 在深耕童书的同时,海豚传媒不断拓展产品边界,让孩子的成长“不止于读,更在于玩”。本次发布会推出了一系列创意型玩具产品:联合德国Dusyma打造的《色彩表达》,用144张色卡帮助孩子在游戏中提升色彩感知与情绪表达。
---
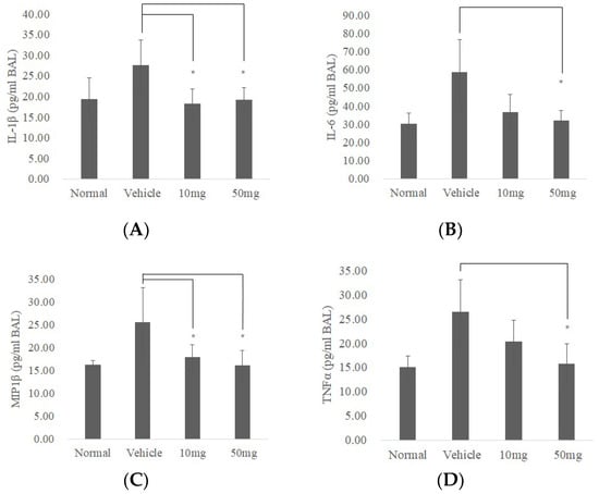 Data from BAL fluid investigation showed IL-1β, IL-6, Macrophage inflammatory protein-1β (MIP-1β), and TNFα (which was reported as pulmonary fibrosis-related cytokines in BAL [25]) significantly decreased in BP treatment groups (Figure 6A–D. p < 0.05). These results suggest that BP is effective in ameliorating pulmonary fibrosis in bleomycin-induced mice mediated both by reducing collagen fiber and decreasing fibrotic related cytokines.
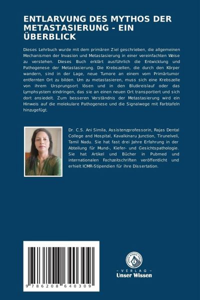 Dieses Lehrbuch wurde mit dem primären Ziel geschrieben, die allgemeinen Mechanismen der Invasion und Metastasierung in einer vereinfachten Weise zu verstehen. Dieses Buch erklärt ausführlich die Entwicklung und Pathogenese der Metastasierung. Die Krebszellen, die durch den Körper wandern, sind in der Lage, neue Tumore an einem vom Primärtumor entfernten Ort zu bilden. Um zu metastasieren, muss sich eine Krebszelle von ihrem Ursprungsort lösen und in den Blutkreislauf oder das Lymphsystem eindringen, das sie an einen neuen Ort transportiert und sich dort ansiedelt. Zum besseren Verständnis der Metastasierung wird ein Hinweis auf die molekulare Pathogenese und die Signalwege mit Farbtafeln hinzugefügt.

EXERCISE DIRECTIONS
In the material above, the stretch from the line with "Data from BAL" through the line with "Dieses Lehrbuch wurde" is to be given again exactly, minus the pictures.

EXERCISE OUTPUT
 Data from BAL fluid investigation showed IL-1β, IL-6, Macrophage inflammatory protein-1β (MIP-1β), and TNFα (which was reported as pulmonary fibrosis-related cytokines in BAL [25]) significantly decreased in BP treatment groups (Figure 6A–D. p < 0.05). These results suggest that BP is effective in ameliorating pulmonary fibrosis in bleomycin-induced mice mediated both by reducing collagen fiber and decreasing fibrotic related cytokines.
 Dieses Lehrbuch wurde mit dem primären Ziel geschrieben, die allgemeinen Mechanismen der Invasion und Metastasierung in einer vereinfachten Weise zu verstehen. Dieses Buch erklärt ausführlich die Entwicklung und Pathogenese der Metastasierung. Die Krebszellen, die durch den Körper wandern, sind in der Lage, neue Tumore an einem vom Primärtumor entfernten Ort zu bilden. Um zu metastasieren, muss sich eine Krebszelle von ihrem Ursprungsort lösen und in den Blutkreislauf oder das Lymphsystem eindringen, das sie an einen neuen Ort transportiert und sich dort ansiedelt. Zum besseren Verständnis der Metastasierung wird ein Hinweis auf die molekulare Pathogenese und die Signalwege mit Farbtafeln hinzugefügt.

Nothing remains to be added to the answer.